Commentary: Years after scandal, corrections reforms idled

Gov. Inslee has stood in the way of necessary reforms for the Department of Corrections.

By Mike Padden

For The Herald

How many scandals will it take before Gov. Jay Inslee’s administration finally acknowledges the need for reform at the state Department of Corrections?

Three prisoners died at the Monroe Correctional Center as a result of medical care that investigators have described as shockingly negligent. Other inmate deaths are under review. Last month we learned the medical director was fired for misconduct, but we can’t lay all the blame at her feet. This physician didn’t meet the minimum requirements for the position, and Corrections hired her anyway.

I hope this case will cause Inslee to concede at long last that the problems with this troubled agency start at the top, with his appointees and inadequate supervision from his office. Better yet, I hope this case will prompt lawmakers to pass legislation setting the agency straight.

Unfortunately, every time my colleagues and I make this argument, the governor bristles with indignation, faults the critics and declares any criticism to be a political potshot. It’s disrespectful, as the safety of the people of Washington and health of the state’s 20,000 inmates should matter more than that.

I doubt the families of Cesar Medina and Lindsay Hill would see this as a matter of politics. Medina and Hill were the innocent victims of a widely publicized case of Corrections mismanagement that came to light four years ago. A new computer system online since 2002 was programmed incorrectly, and some 3,000 inmates convicted of violent crimes were released as much as 20 months early.
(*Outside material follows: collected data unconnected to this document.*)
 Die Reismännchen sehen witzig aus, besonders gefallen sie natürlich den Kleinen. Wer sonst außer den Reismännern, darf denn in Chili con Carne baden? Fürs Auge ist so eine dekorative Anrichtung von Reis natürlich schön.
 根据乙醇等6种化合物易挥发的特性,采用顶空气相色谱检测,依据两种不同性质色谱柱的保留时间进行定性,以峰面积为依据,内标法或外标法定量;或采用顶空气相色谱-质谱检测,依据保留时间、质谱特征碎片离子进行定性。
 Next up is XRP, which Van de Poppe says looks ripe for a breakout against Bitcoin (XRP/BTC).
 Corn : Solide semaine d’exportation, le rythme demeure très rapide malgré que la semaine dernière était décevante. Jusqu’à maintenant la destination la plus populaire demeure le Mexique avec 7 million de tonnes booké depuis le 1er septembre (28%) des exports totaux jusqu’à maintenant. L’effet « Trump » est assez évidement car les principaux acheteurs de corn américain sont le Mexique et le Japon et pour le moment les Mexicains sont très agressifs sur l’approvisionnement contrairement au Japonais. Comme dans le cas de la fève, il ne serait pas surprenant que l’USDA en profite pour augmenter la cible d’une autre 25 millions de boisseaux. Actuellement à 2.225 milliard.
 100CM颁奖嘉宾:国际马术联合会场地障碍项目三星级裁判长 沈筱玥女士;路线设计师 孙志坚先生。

The department’s failure to double-check its sentencing calculations was unconscionable and incompetent. But the truly galling thing was that Corrections learned of the problem in 2012, and did nothing to fix it for another three years.

In the meantime, Medina was shot to death in a botched Spokane robbery by a felon who should have been behind bars. Another killed Hill, a single mother, in a particularly gruesome drunk-driving accident. We still don’t know how many were victimized by other crimes, because Corrections never completed a full accounting.
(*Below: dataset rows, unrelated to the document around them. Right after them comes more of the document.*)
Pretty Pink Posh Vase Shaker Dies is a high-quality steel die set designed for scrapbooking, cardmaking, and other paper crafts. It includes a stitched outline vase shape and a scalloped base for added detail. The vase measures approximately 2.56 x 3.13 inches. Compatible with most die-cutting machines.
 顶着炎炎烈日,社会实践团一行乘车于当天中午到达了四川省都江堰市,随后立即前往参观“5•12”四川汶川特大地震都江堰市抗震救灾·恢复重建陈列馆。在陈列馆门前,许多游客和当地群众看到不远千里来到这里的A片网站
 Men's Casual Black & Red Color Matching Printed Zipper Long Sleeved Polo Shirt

At the time, Inslee commissioned a narrowly focused inquiry that blamed middle managers and failed by design to consider the responsibility of top-level management and the governor’s office. When the Senate launched an independent investigation, the governor said we were “out of control.” But what we found was disturbing.

Top-level Corrections managers displayed an astonishing lack of curiosity. Some who should have known said they just weren’t paying attention. We learned programming fixes were delayed while the agency’s director pursued a dream of a cutting-edge computer system. The governor’s office could have picked up on the problem but didn’t.
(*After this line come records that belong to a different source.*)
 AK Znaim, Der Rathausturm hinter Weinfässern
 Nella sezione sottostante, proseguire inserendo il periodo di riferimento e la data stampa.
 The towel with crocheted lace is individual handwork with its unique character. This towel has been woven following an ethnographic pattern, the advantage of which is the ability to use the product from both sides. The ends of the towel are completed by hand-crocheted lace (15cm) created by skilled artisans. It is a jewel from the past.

Just as important, we discovered an agency culture where everything came from the top down, and the concerns of frontline Corrections employees were given little attention. A history of management retaliation ensured worker silence. There was no effective way for them to blow the whistle.

Three years after we released our 1,000-page report, problems continue. Agency managers deserve credit for disclosing a similar sentencing problem earlier this year, but this latest issue raises new concerns. It will be important to learn whether this one could have been caught before people had to die.

These systemic management problems are a concern for both political parties. We had bipartisan support for a Senate corrections reform bill in 2017, putting new structures in place at Corrections to head off future fiascos. The governor’s office quashed it in the House during the final hours of that legislative session.

We’ll be back in 2020 with a more comprehensive reform measure. It is not, as a spokesperson for the governor protested, an attempt “to make political points,” but an attempt to save lives. The governor is right to be embarrassed by the state of Department of Corrections management, but he is wrong to stand in the way of meaningful reform.

State Sen. Mike Padden, R-Spokane Valley, is the lead Republican on the Senate Law and Justice Committee.